Modeling and analysis of timing behavior for CMOS circuits

Date of Award

2009

Degree Type

Dissertation

Degree Name

Doctor of Philosophy (PhD)

Department

Electrical Engineering and Computer Science

Advisor(s)

C. Y. Roger Chen

Keywords

Timing behavior, CMOS circuits, Delay model

Subject Categories

Electrical and Computer Engineering | Engineering

Abstract

Design closure in today's advanced chip construction requires a delicate balance among various conflicting constraints. These constraints include meeting the timing, power, and area specification of the end product. In this dissertation, we propose several techniques for modeling and analysis of timing behavior in order to achieve better timing performance in VLSI design.

A CMOS logic gate can have multiple transistor connection structures while maintaining the same logic function.
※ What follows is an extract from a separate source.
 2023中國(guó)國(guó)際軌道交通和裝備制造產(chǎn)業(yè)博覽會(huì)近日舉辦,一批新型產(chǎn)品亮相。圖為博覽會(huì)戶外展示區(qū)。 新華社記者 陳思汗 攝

Since those different transistor connection structures represent different electrical circuits, their timing behaviors, especially propagation delays, will also be different. Transistor reordering is a technique to optimize the timing performance of a CMOS gate by determining good transistor connection structures. Transistor reordering is effective in reducing delays of a circuit with nearly zero penalties. However, techniques to determine those good transistor orders have not been proposed in literature. Previous work on this has to resort to running SPICE simulations for various meaningful transistor orders and selecting a best one, which is extremely time-consuming. This dissertation proposes an efficient and accurate technique at switch level for determining best transistor orders without the need for running SPICE simulations.
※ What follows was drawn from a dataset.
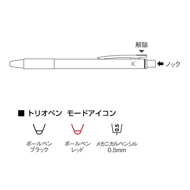 ボールペン黒・赤と、0.5mmメカニカルペンシルの3機能が備わった「トリオペン」。
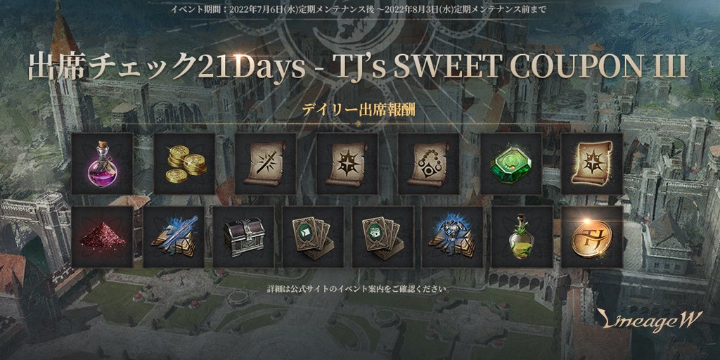 『リネージュW』変身やマジックドールの合成挑戦や装備復旧にチャレンジできる「出席報酬21Days – TJ‘s SWEET COUPON III」登場!

Effective propagation delay estimation for gates is crucial in many stages of VLSI design. For small circuits with finalized design details and parameters, SPICE simulations can provide near exact delay information. For the delay estimations of circuits at early design stages or very large circuits, SPICE simulations are not practical; for those cases, instead, switch-level delay estimation should be used. To facilitate the development of a switch-level delay estimation tool, three components are essential, including delay model for logic gates, delay model for interconnections, and delay model for transmission gates. Delay models for interconnections have been extensively studied, but the research results for modeling the delay of logic gates and transmission gates are far from sufficient to be used in CAD tools. The lack of simple and effective gate delay models has led many researchers to applying unfit models to estimate gate delays. In this dissertation, by embedding concepts of electronic theories into switch-level piecewise analysis, a simple and efficient delay model for CMOS gates of general types (such as NAND, NOR, dynamic gates, complex gates, and transmission gates) is proposed.
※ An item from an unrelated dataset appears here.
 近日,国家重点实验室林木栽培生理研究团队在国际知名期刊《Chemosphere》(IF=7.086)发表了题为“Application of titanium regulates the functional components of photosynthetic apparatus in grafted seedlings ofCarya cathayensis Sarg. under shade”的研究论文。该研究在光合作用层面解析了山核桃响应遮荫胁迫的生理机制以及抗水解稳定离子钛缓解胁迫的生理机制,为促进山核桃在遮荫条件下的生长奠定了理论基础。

The other contribution in this dissertation is the gate delay estimation with multiple-input switching (MIS) (where signal switching can occur at multiple inputs, each with a unique slope and arrival time). The timing information provided in standard cell libraries is usually for single-input switching (SIS). The switch level gate delay estimation with MIS has not been sufficiently addressed. In this dissertation, we propose an efficient and accurate technique for estimating MIS delay given SIS timing information (provide by all standard cell libraries). Unlike all previous work, the proposed MIS modeling technique does not require knowledge of process technology parameters, layout details (such as transistor sizes, wire sizes/areas, intrinsic capacitance, etc.), and the tedious steps of running a huge number of SPICE simulations to prepare the lookup tables. Thus, the proposed technique can fit into typical standard cell based design flow, where third-party libraries are used. In addition, the proposed MIS modeling technique is equally valid for working with gate delay models which provides SIS timing estimation. Numerous test cases over a wide range of process technologies (250, 130, and 50nm) have been experimented and compared with SPICE simulation results. (Abstract shortened by UMI.)